A perfect project
An opportunity knocked in 2017, when Du learned that a dance hall in Xicheng needed to be transformed into a civic cultural center.
"It was a dream project for me," Du says.
The transformation was a public welfare project and fitted his art education background.
So, he and his team of 20 young people immediately began preparing to bid against big State-owned enterprises.
"I knew the only chance I had was to fall back on my previous charity experience and deliver a detailed plan that could really solve the residents' problems," Du says.
He and his team submitted a proposal that was "as thick as a brick" — in sharp contrast to his competitors, whose renovation plans featured a few pages on average.
Du's plan eventually won the hearts of the judges, and he wasted no time turning the 1,860-square-meter space into the Guangnei Street cultural center.
"Our advantage was that we knew many experts in various fields, who we could invite to give lectures," Du says.

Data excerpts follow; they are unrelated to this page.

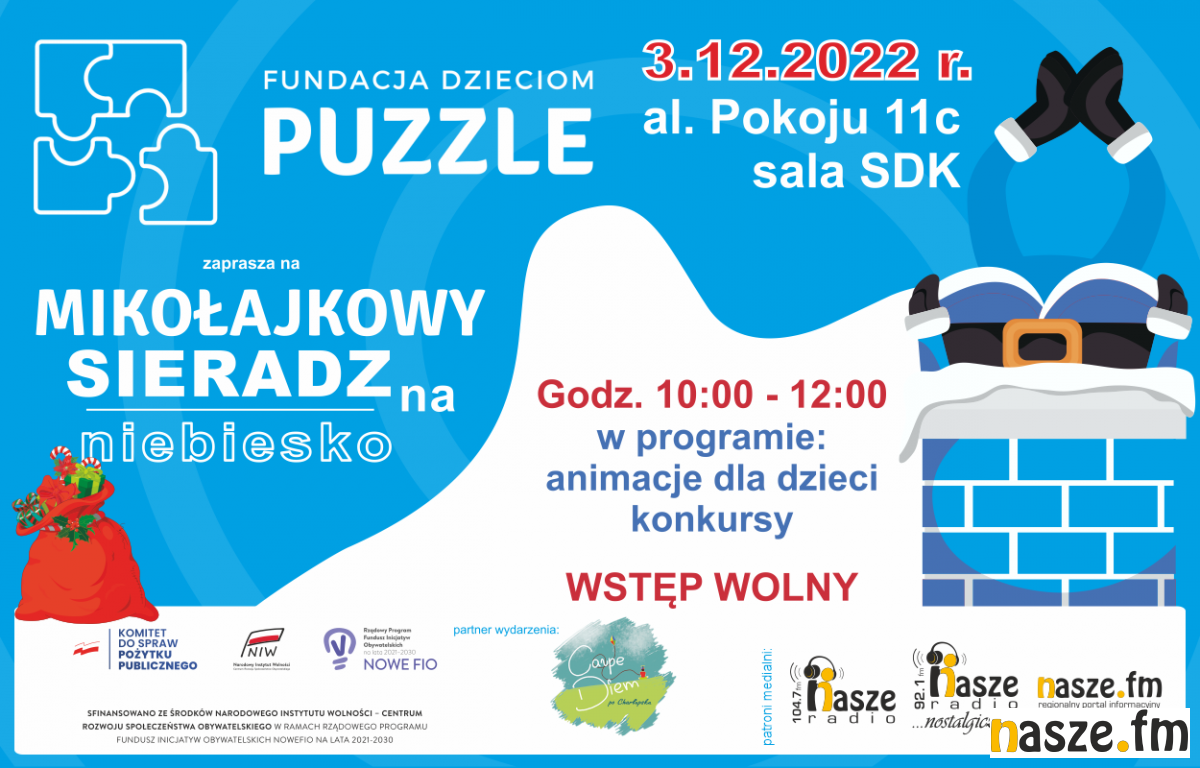 Fundacja Dzieciom Puzzle zaprasza na kolejne wydarzenie. Mikołajkowy Sieradz Na Niebiesko to wyjątkowe spotkanie dla dzieci z regionu. Już w najbliższą sobotę w sali SDK w Sieradzu najmłodsi będą mogli się pobawić z animatorami, wziąć udział w konkursach a rodzice porozmawiać z członkami fundacji.
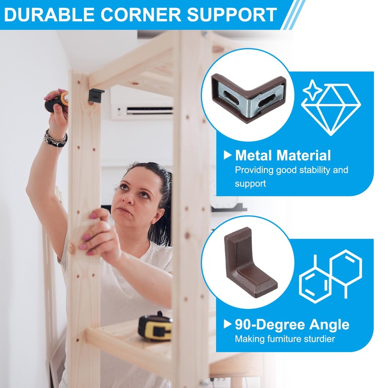 - Application: This 90-degree plastic corner bracket is a crucial angle joint fastener that keeps furniture components securely in place. It is suitable for repairing or reinforcing wooden boxes, shelves, tables, cabinets, drawers, vanities, screens, wardrobes, beds, chairs, window, and more.
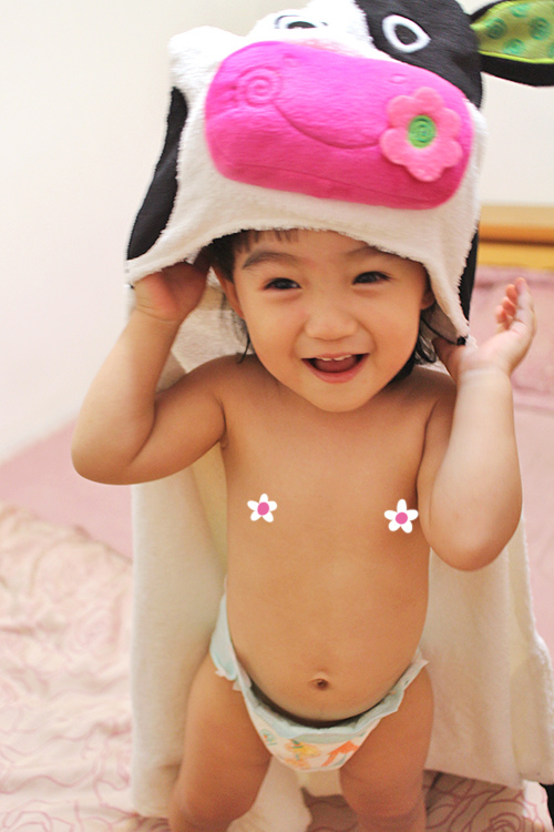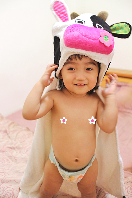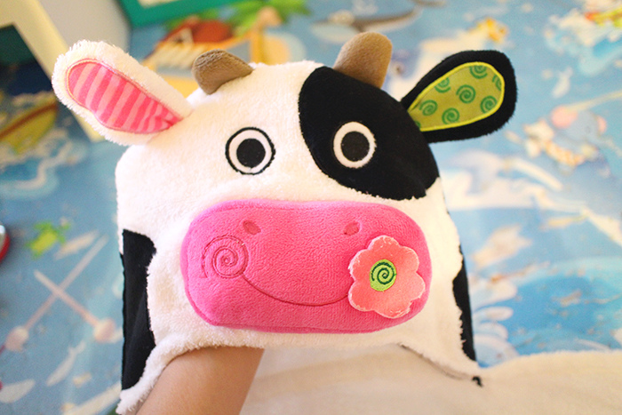 乳牛的帽子因為嘴巴部分厚厚的一塊,比較不好直接用來擦乾頭髮

He has contacts with more than 100 experts in various fields, most of whom are from the Chinese Academy of Sciences, or are professors at institutes of higher learning, including Peking University and the Beijing Normal University. This network is the result of his relentless inquiries about their availabilities and their willingness to talk about their fields.
When local children wanted to watch shadow-puppet plays, he invited Fan Weiguo, a seventh-generation inheritor of Taishan shadow puppetry from Shandong province, to perform. When they expressed curiosity about outer space, he invited Liu Yong, a researcher at the National Space Science Center of the Chinese Academy of Sciences, to give lectures. Du also brought well-known traditional opera actors to perform for elderly residents.
Leading primary schoolteachers and principals also joined forces with the cultural center to offer parents advice about raising children.
As such, Du has come to serve residents of all age groups.